### Action item
Using the listing below, reproduce exactly the lines from the one with "If you select" through the last, with all pictures left out.

### Material provided
--- --- ---

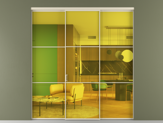 Мы предлагаем девять вариантов декоративного стекла: от кристально-прозрачного до матовых цветных, а также стёкла с эффектом Stopsol, когда лицевая сторона стекла зеркальная, но при включенном освещении за стеклом — становится прозрачной.
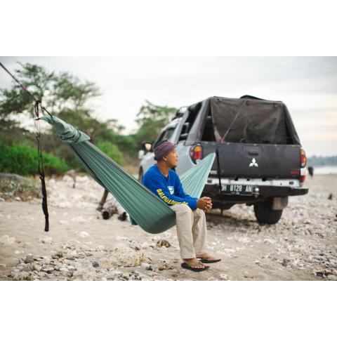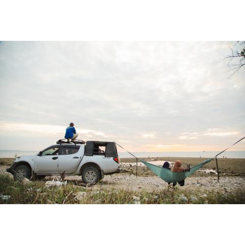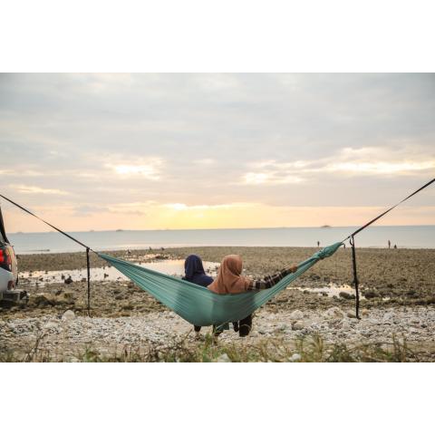 Alkuperäisvalmistajan Compact Hammock on entistäkin helppokäyttöisempi. Riippumatossa oleskelemisen lisäksi nyt myös asentaminen on hauskaa: Compact Hammock Express Setting Bag on uusi ratkaisu, jolla pääset kirjaimellisesti mukavuusalueelle käden käänteessä. Irrotettavan puolikuun muotoisen säilytyspakkauksen lisäksi Compact Hammockissa on nyt myös toinen, kiinteä suorakaiteen muotoinen tasku, johon riippumaton voi pakata. Tilaa riittää hyvin yhdelle henkilölle ja keveytensä ansiosta Compact Hammock kulkee helposti mukana.
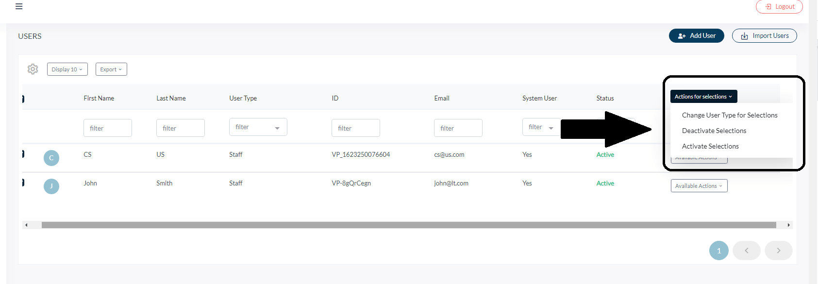 If you select more than one row, there will be a multi-action button on the top right called Actions for selections. For multiple users, we can change the user type, activate users or de-activate users all at once.
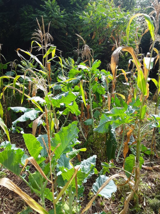 Corn and giant kale got along well enough. There were potatoes companion planted in here too. A triple combination that worked, which is rare. The Pacific Northwest "three sisters" is corn, kale, and potatoes, ha ha. In my garden, the traditional three sisters, beans, squash and corn... they don't get along very well.

--- --- ---

### Written solution
 If you select more than one row, there will be a multi-action button on the top right called Actions for selections. For multiple users, we can change the user type, activate users or de-activate users all at once.
 Corn and giant kale got along well enough. There were potatoes companion planted in here too. A triple combination that worked, which is rare. The Pacific Northwest "three sisters" is corn, kale, and potatoes, ha ha. In my garden, the traditional three sisters, beans, squash and corn... they don't get along very well.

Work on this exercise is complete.